Hugh MacLeod of Gaping Void released a book last week. Freedom Is Blogging in Your Underwear is part manifesto, part love letter and part, well, I haven’t figured that out yet.
In my own little corner of the internet, I’m king and servant; royalty and commoner.
The first read disappointed me. While Hugh’s first two books were great, this one was different. It felt like a complementary trinket to his art, rather than the completion of a book trilogy.
That was my fault. Hugh never advertised Freedom Is Blogging in Your Underwear as such. No promises, yet I had expectations.
In my own little corner of the internet, what I say goes. And I say anything goes.
I suppose I was looking for something similar to Jeff Goins’s recent You Are A Writer, a book about how to leap from an amateur to a professional while wasting as little time as possible. Jeff had a call to action, he had steps and he had a plan.
Hugh didn’t seem like he had a plan. He wrote a manifesto. He wrote a love letter. He wrote a thank you note in the only way he could: as a book.
In my own little corner of the internet, you see what I want you to see. Good thing I show a lot.
But since Freedom Is Blogging in Your Underwear arrived on my doorstep, I’ve written more for fun than I have in months. I feel better about my writing. I’m confident that the book I’m about to release has been worth my time.
Maybe that was Hugh’s plan. Maybe he wrote his latest book in hopes of inspiring others. Maybe he wrote it to inspire himself.
In my own little corner of the internet, I can be me.
Hugh thinks blogging is pretty important. But what he doesn’t say is what blogging represents: the freedom to express ourselves to whomever we can. It’s not that we all NEED a blog, but we all NEED a space that acts as a conduit for our ideas.
Digital makes that easy. Now, don’t get me wrong. I don’t value my blog or URL more than I would a physical piece of land, a substantial amount of money, lives or relationships that are important to me. It’s just a bunch of ones and zeros.
In my own little corner of the internet, we can be equal or we can be better than the other. One of us will earn it.
And they aren’t even my ones or zeros. And that’s what I took away most from Freedom Is Blogging; it’s not my blog, my own little corner of the internet, that’s important.
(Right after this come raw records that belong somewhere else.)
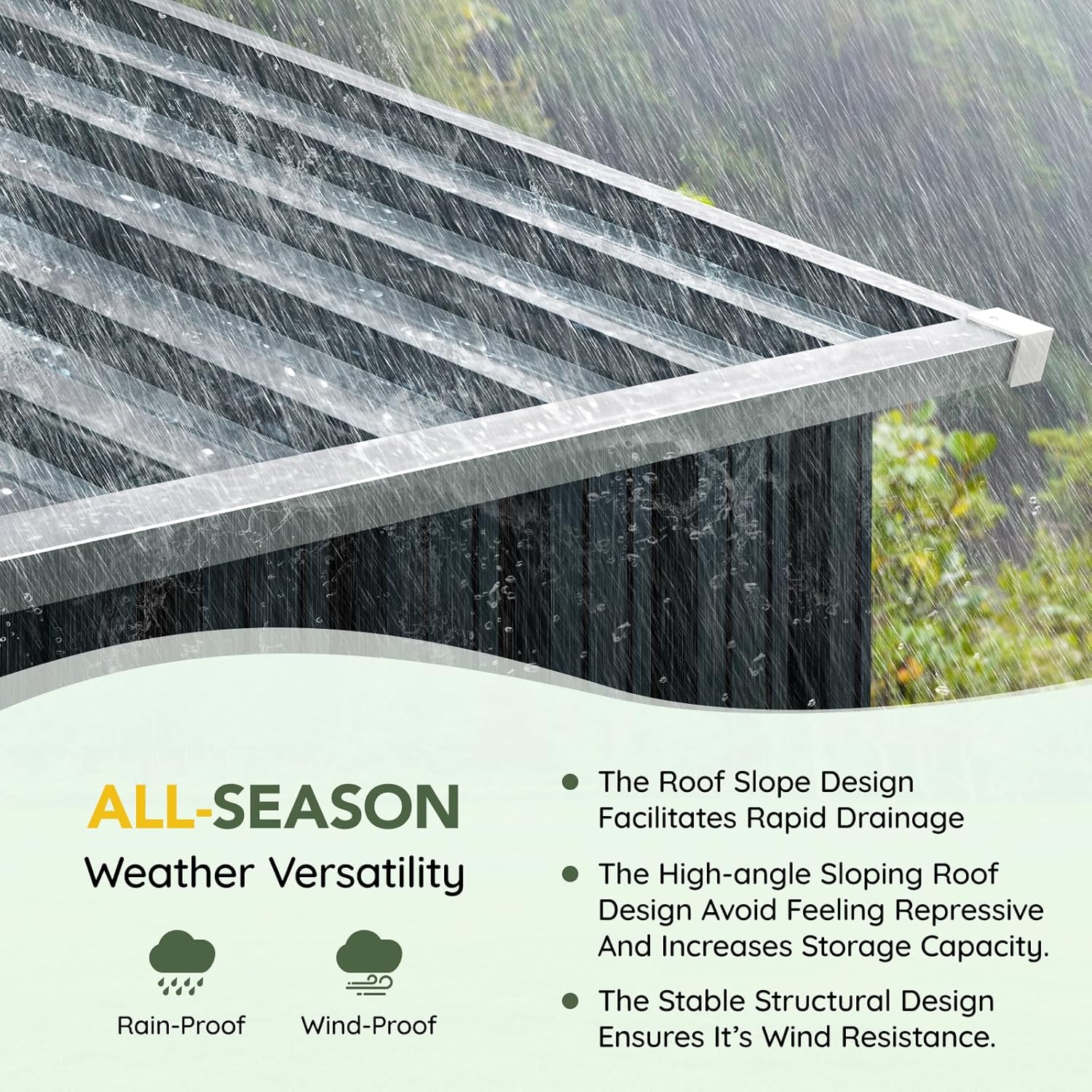 - Weather-Resistant Steel Construction – Made with galvanized steel panels that resist rust, corrosion, and UV damage, ensuring long-lasting durability in all weather conditions.
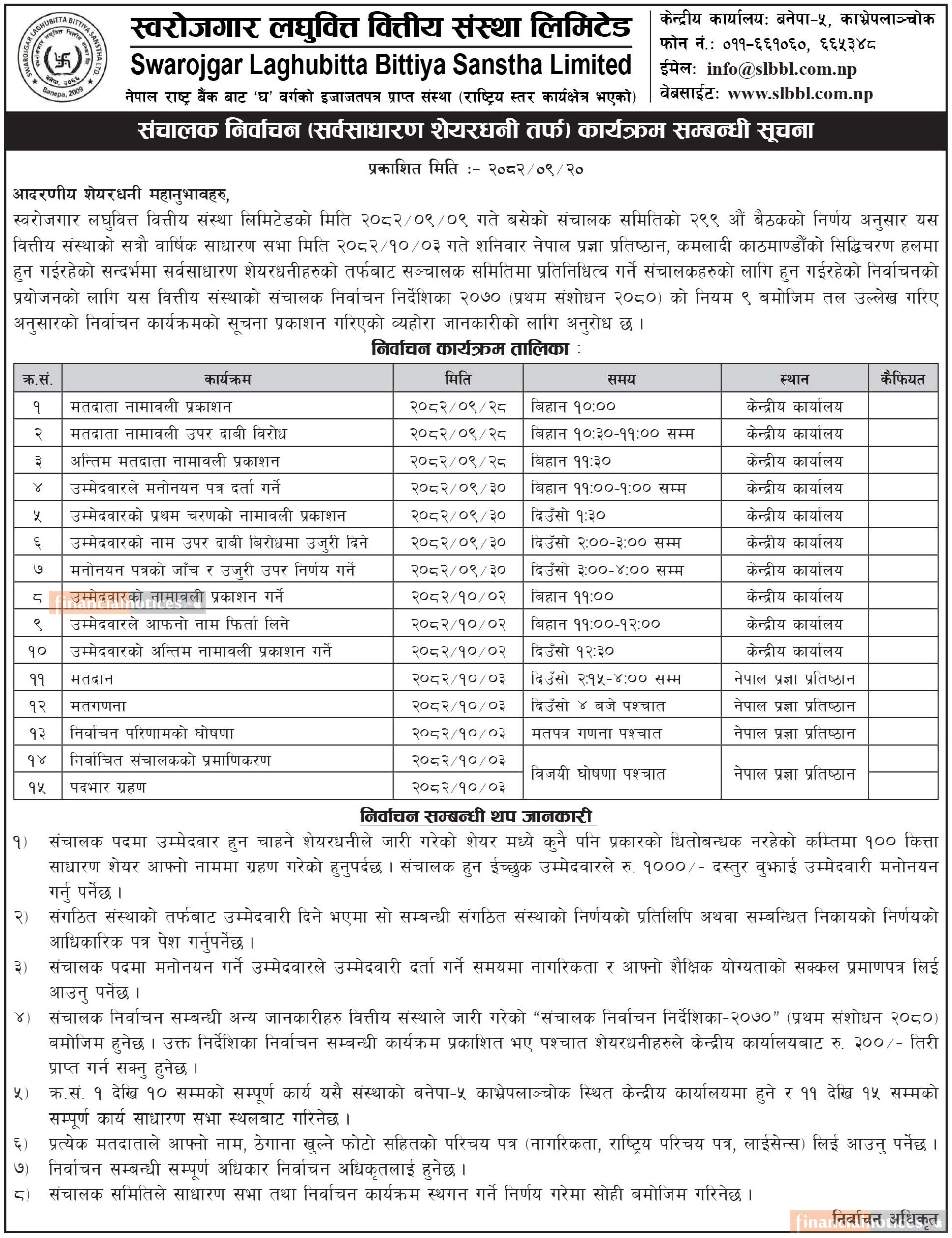 सर्वसाधारण सेयरधनीतर्फको सञ्चालक निर्वाचन कार्यक्रम सम्बन्धी सूचना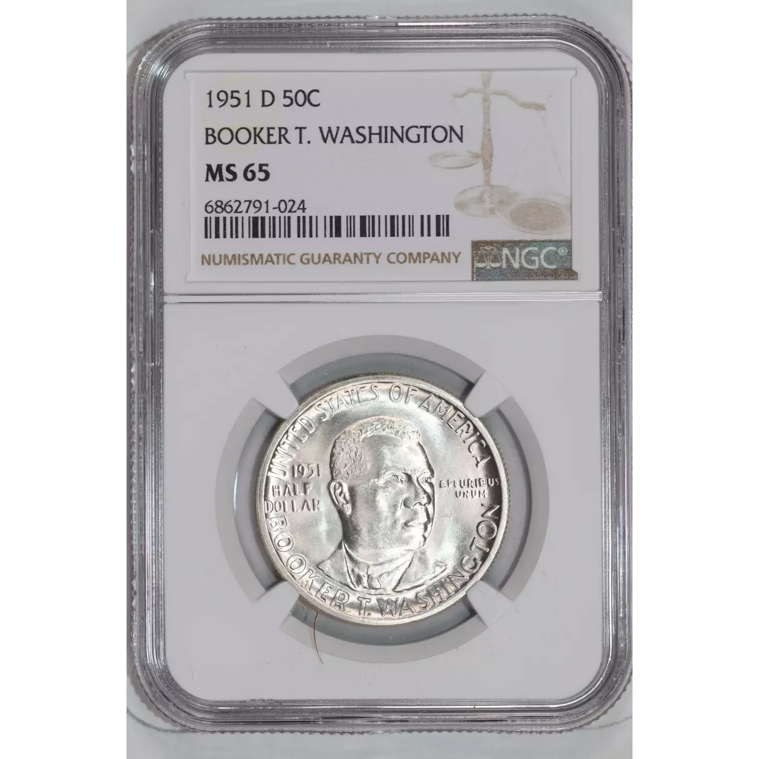 1951-D BOOKER T WASHINGTON SILVER COMMEMORATIVE HALF DOLLAR NGC MS65

What’s important is that I have my own place at all.
Freedom is blogging on my own terms.
What’s yours?
(Hugh is hosting a video chat today at 3pm PT. It’s free!)
One Comment on ““My Own Little Corner Of The Internet””
Freedom is blogging because I have something worth sharing. No income requirements or expectations, no partners or bosses, no schedules. Just a way to get what’s in my head onto a piece of digital paper and hoping somebody out there finds something of value in it.